WHAT THE TASK ASKS:
Pictures are not part of the copy; retype all the records below exactly.

DATA UNDER STUDY:

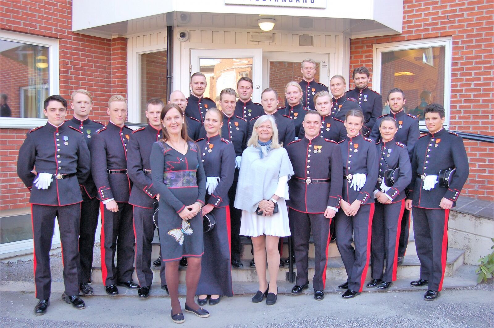 GJESTER OG VERTSKAP: Her står kulturleder Anita Madsen (mørk) og daglig leder Jaqueline Sæby (lys) foran sammen med alle sine kadett-gjester. Foto:Bilde 1 av 8
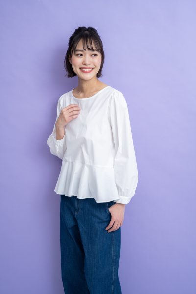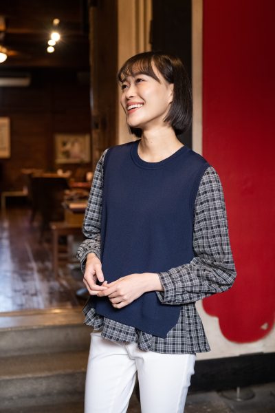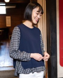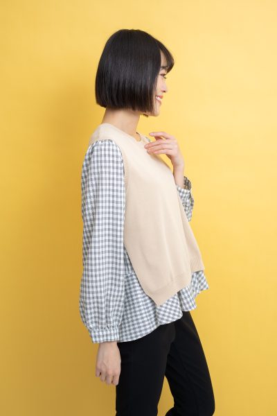 ニットベストはサイドスリットを深めにとり、ペプラムブラウスのシルエットを生かすデザインに!
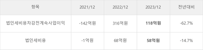 TP의 지난 3년 동안 법인세 납부액 추이를 보면 2022년에는 증가했으나, 작년에는 58억원으로 감소했다.
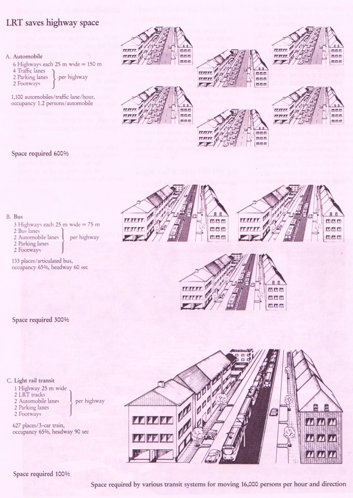 Self explanatory, it gives a good visual how modern LRT saves highway space. It also shows that modern LRT could be built on Broadway and still provide road space for autos and with parking.
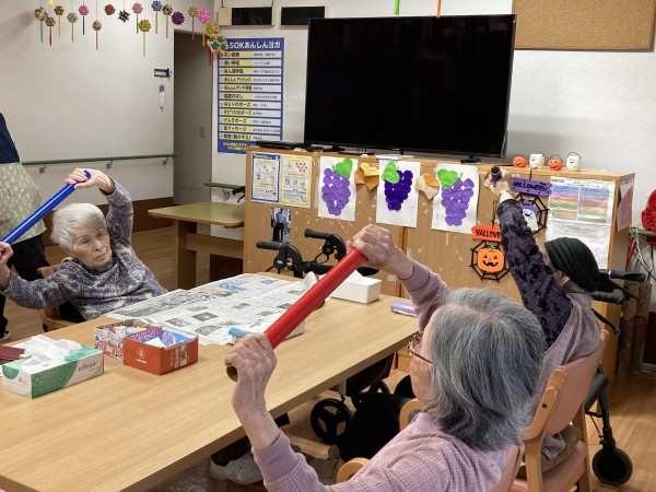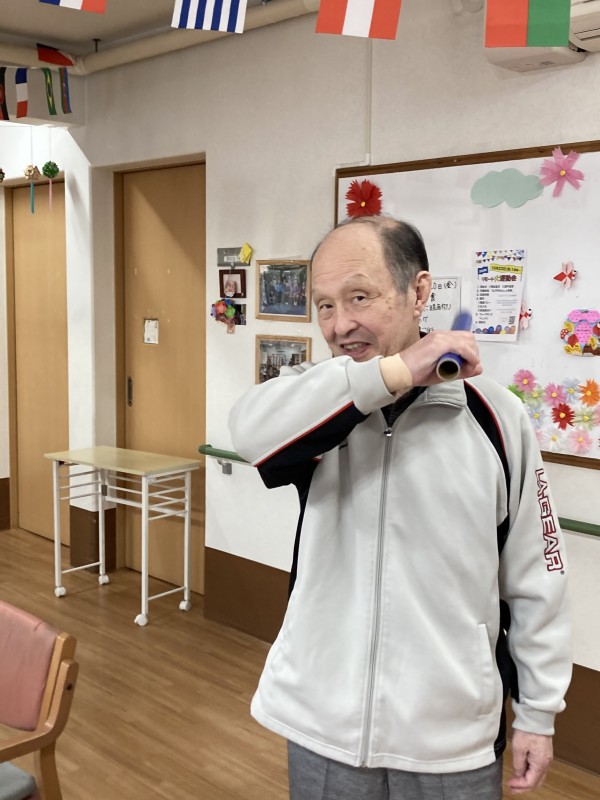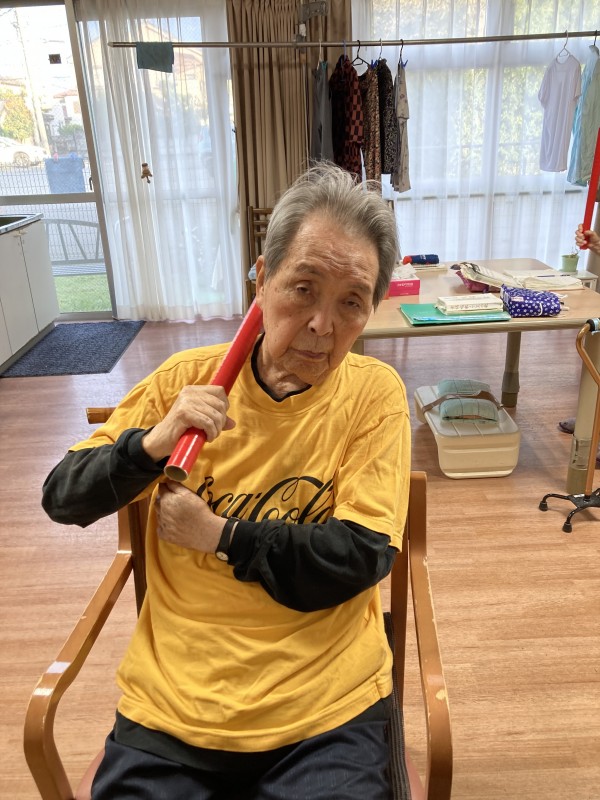 棒を使って、手や腕の運動が

ANSWER TO THIS TASK:
 GJESTER OG VERTSKAP: Her står kulturleder Anita Madsen (mørk) og daglig leder Jaqueline Sæby (lys) foran sammen med alle sine kadett-gjester. Foto:Bilde 1 av 8
 ニットベストはサイドスリットを深めにとり、ペプラムブラウスのシルエットを生かすデザインに!
 TP의 지난 3년 동안 법인세 납부액 추이를 보면 2022년에는 증가했으나, 작년에는 58억원으로 감소했다.
 Self explanatory, it gives a good visual how modern LRT saves highway space. It also shows that modern LRT could be built on Broadway and still provide road space for autos and with parking.
 棒を使って、手や腕の運動が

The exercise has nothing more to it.